A pesar de los avances en el tratamiento antirretroviral (TAR), la aparición de resistencia a los medicamentos antirretrovirales sigue siendo un problema importante en el manejo de la enfermedad.1 El monitoreo de la resistencia al tratamiento y la búsqueda de una cura para el VIH son áreas de investigación activas, impulsadas por el desarrollo de nuevas tecnologías de secuenciación.2
Tecnologías de secuenciación para la detección de resistencia al tratamiento del VIH
Gráficas de secuenciación de nueva generación tomadas de: https://genotipia.com/ngs-secuenciacion/ créditos a su autor
La genotipificación de la resistencia a los medicamentos antirretrovirales en pacientes con VIH se ha vuelto crucial para guiar las decisiones de tratamiento. Tradicionalmente, se han utilizado métodos de secuenciación Sanger para identificar mutaciones en el genoma viral que confieren resistencia a los medicamentos antirretrovirales. Sin embargo, estas técnicas presentan limitaciones en términos de sensibilidad y capacidad para detectar variantes minoritarias. Es aquí donde las tecnologías de secuenciación de próxima generación (NGS) han demostrado ser herramientas poderosas en la detección precisa y sensible de las variantes resistentes a los medicamentos en el genoma del VIH. El estudio de Manyana et al. (2021) destaca las perspectivas actuales y futuras de las tecnologías de secuenciación en entornos con recursos limitados, donde se requiere un enfoque más rentable y eficiente para el monitoreo de la resistencia al tratamiento del VIH.1
Gráficas de secuenciación de nueva generación tomadas de: https://genotipia.com/ngs-secuenciacion/ créditos a su autor
La secuenciación de nueva generación permite la detección masiva y simultánea de mutaciones en múltiples genes virales. Esto proporciona una visión más completa de la resistencia a los medicamentos y permite una toma de decisiones terapéuticas más precisa. Además, las tecnologías de secuenciación de nueva generación también pueden identificar mutaciones previamente desconocidas que podrían estar asociadas con la resistencia. El estudio de Ekici et al. (2014) resalta la importancia de la secuenciación de amplicones de alto rendimiento en la vigilancia de la resistencia porque esta técnica permite la amplificación y secuenciación masiva de múltiples regiones genómicas de VIH en una sola reacción, lo que resulta en una detección más rápida y económica de la resistencia a los medicamentos en comparación con los métodos tradicionales.2
Gráficas de secuenciación de nueva generación tomadas de: https://genotipia.com/ngs-secuenciacion/ créditos a su autor
Las tecnologías de secuenciación de nueva generación también han mejorado la capacidad de cuantificar variantes minoritarias, que representan una proporción baja pero significativa de la población viral en muchos pacientes. Estas variantes pueden ser cruciales para predecir la respuesta al tratamiento y la progresión de la enfermedad. Además, la secuenciación de nueva generación permite el análisis de la resistencia a los medicamentos a nivel de genoma completo, lo que proporciona una imagen más completa de las mutaciones y su impacto en la respuesta terapéutica.1,2
Gráficas de secuenciación de nueva generación tomadas de: https://genotipia.com/ngs-secuenciacion/ créditos a su autor
¿Son viables estas nuevas tecnologías en países de bajos y medianos ingresos?

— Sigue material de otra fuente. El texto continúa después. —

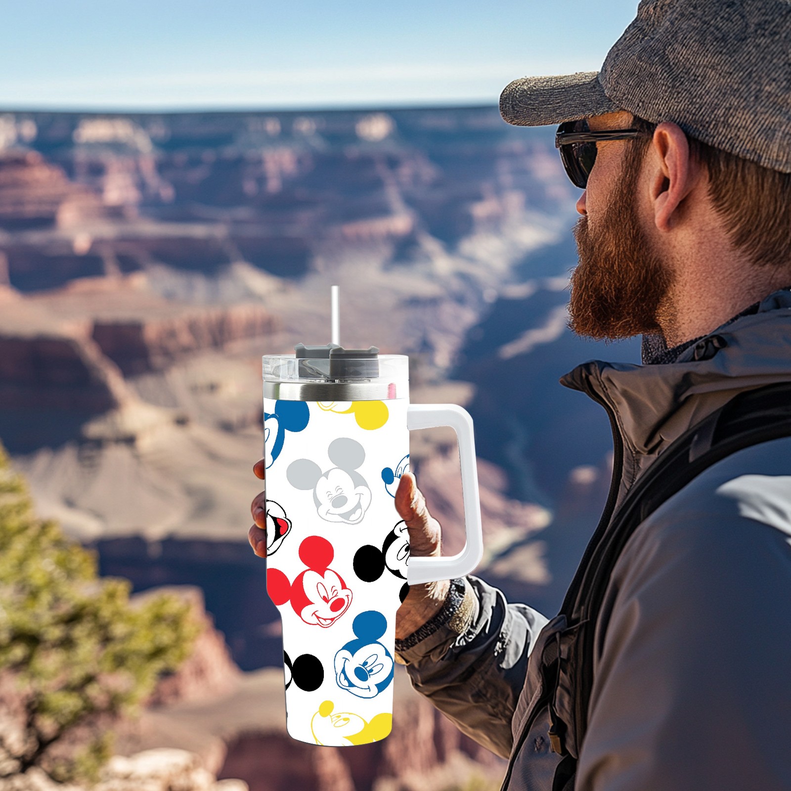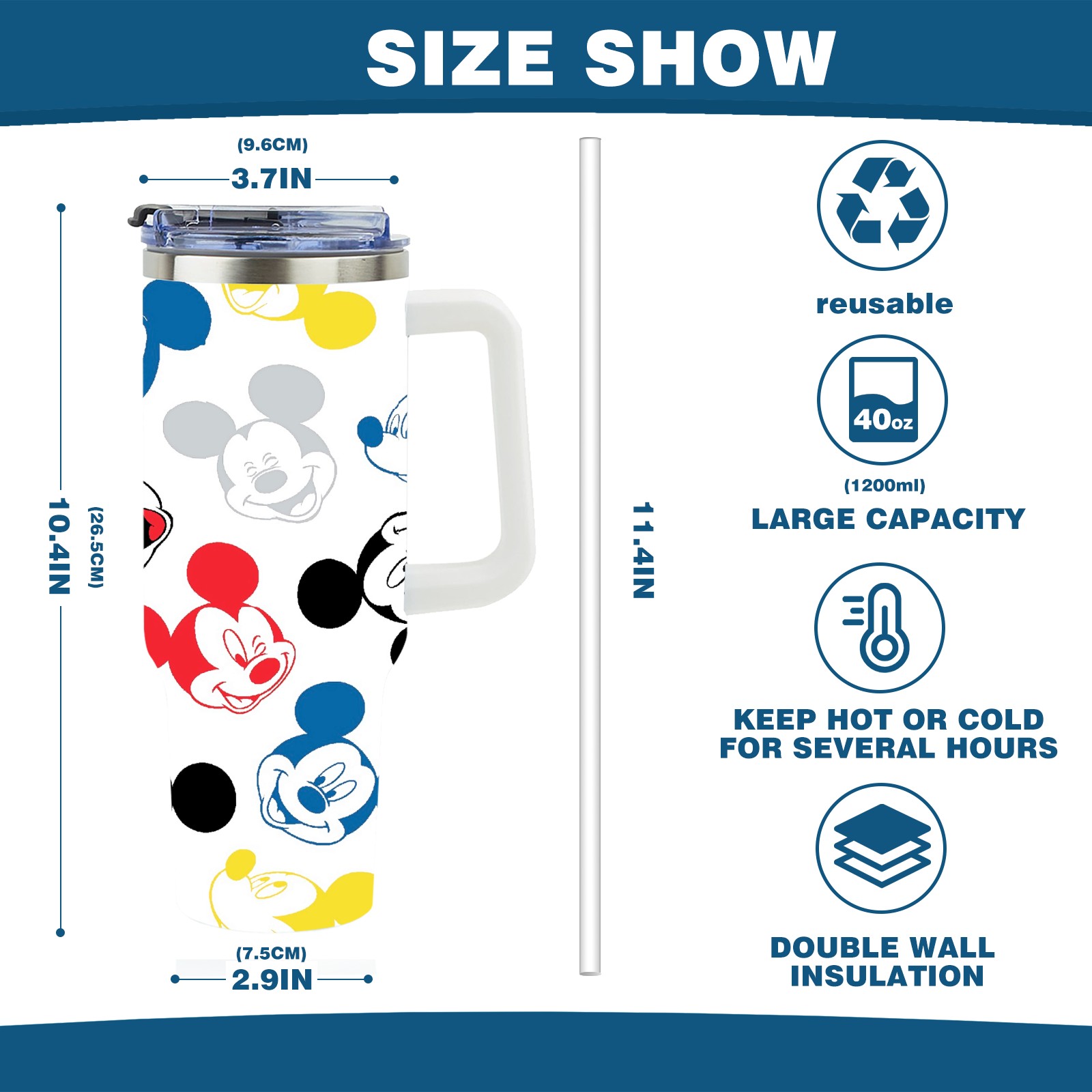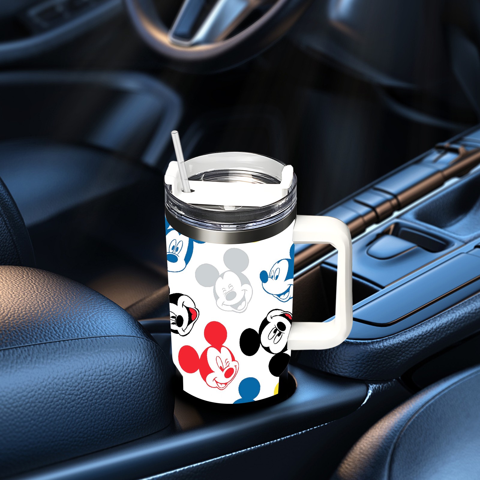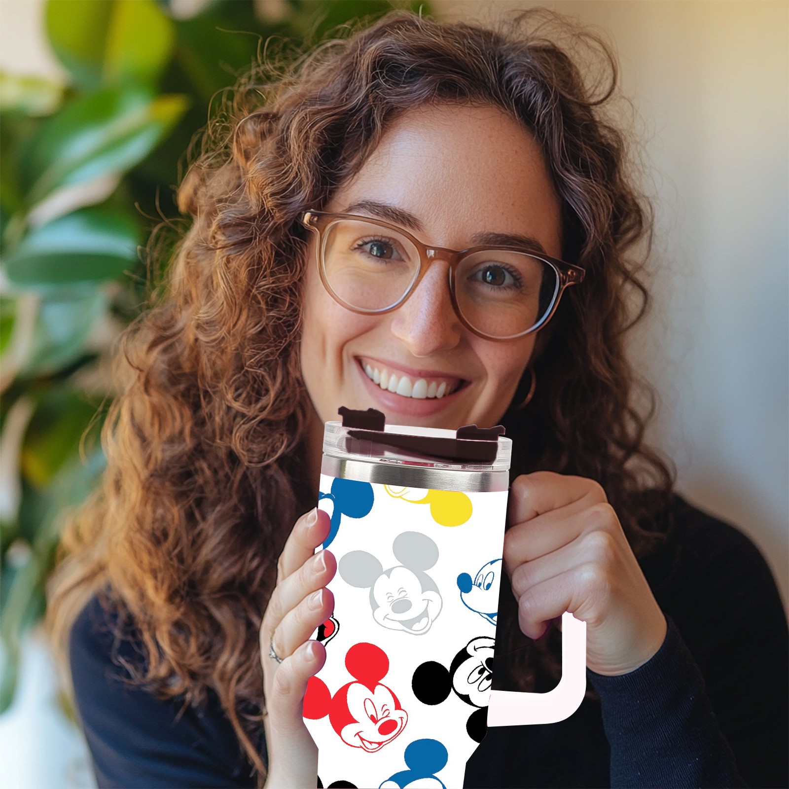 40oz Colorful Mickey Mouse thermos with lid and straw, leak-proof stainless steel, with handle, spill-proof bottle, convenient for travel(pink)
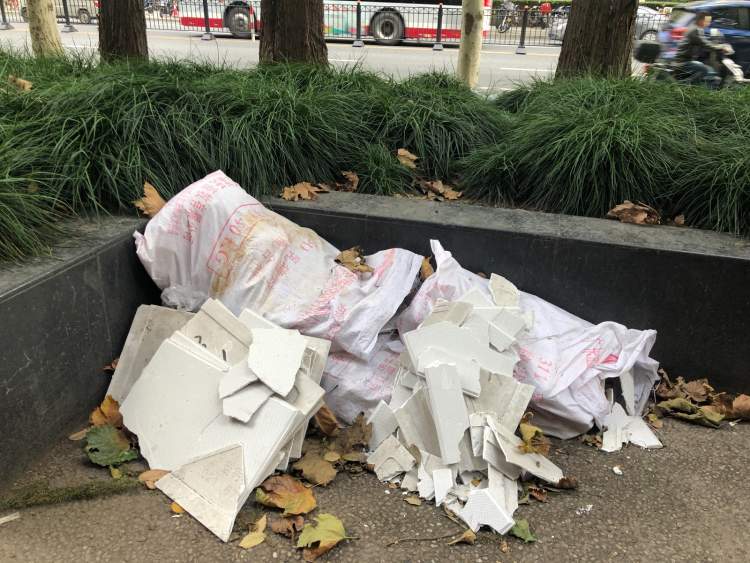 对于部分业主反映建筑垃圾影响了日常生活,废旧泡沫箱、废纸板、塑料瓶、废旧门板、袋子等垃圾,分别占据了上街沿的人行道、绿化带。
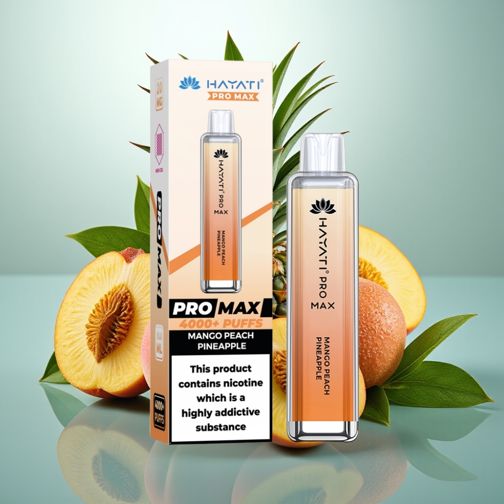 Hayati Pro Max 4000 Puffs Ponovno Polnjenje Dual Coil Mango Breskev Ananas

El acceso a tecnologías de secuenciación avanzadas puede ser limitado en países con recursos limitados, especialmente en aquellos de bajos y medianos ingresos. Sin embargo, es crucial garantizar que estos países también puedan llevar a cabo una vigilancia efectiva de la resistencia al tratamiento del VIH. En este sentido, el estudio de Ekici et al. (2014), como se mencionó anteriormente, resalta la viabilidad y la eficiencia de la secuenciación de amplicones en paralelo para el monitoreo rentable de la resistencia al tratamiento del VIH, lo cual la hace viable incluso en países de bajos y medianos ingresos. Esta técnica utiliza marcadores moleculares específicos que amplifican regiones genómicas relevantes del VIH y permiten la secuenciación simultánea de múltiples muestras. La utilización de esta estrategia multiplexada y de alto rendimiento reduce los costos y los requerimientos de infraestructura, lo que la hace adecuada para implementarse en entornos con recursos limitados.2,3
La secuenciación de amplicones en paralelo ofrece una solución eficaz para la vigilancia de la resistencia al tratamiento en países de bajos y medianos ingresos al permitir el análisis de un gran número de muestras en un solo experimento. Esto es especialmente relevante en contextos donde la carga viral y la diversidad genética del VIH son altas, ya que proporciona una visión más completa de las mutaciones de resistencia presentes en la población viral. Además, la secuenciación de amplicones en paralelo es flexible y puede adaptarse a diferentes plataformas de secuenciación de próxima generación, lo que facilita su implementación en laboratorios con diferentes capacidades y recursos disponibles. De esta manera, se promueve la estandarización y la comparabilidad de los resultados en diferentes regiones y países, lo que es fundamental para la cooperación internacional en la lucha contra el VIH.2
La aplicación de la secuenciación de amplicones en paralelo en países de bajos y medianos ingresos también tiene implicaciones importantes para la salud pública. Al proporcionar información precisa sobre la resistencia al tratamiento del VIH en estas poblaciones, se pueden tomar decisiones más informadas sobre las estrategias de tratamiento y prevención. Esto incluye la selección de los medicamentos antirretrovirales más efectivos, el diseño de regímenes terapéuticos personalizados y la implementación de intervenciones para prevenir la transmisión de cepas resistentes. Además, la identificación temprana de la resistencia al tratamiento en pacientes individuales puede ayudar a evitar el desarrollo de infecciones crónicas y mejorar los resultados clínicos a largo plazo.3
Y, ¿hay avances en cuanto a la detección de cura de la infección del VIH?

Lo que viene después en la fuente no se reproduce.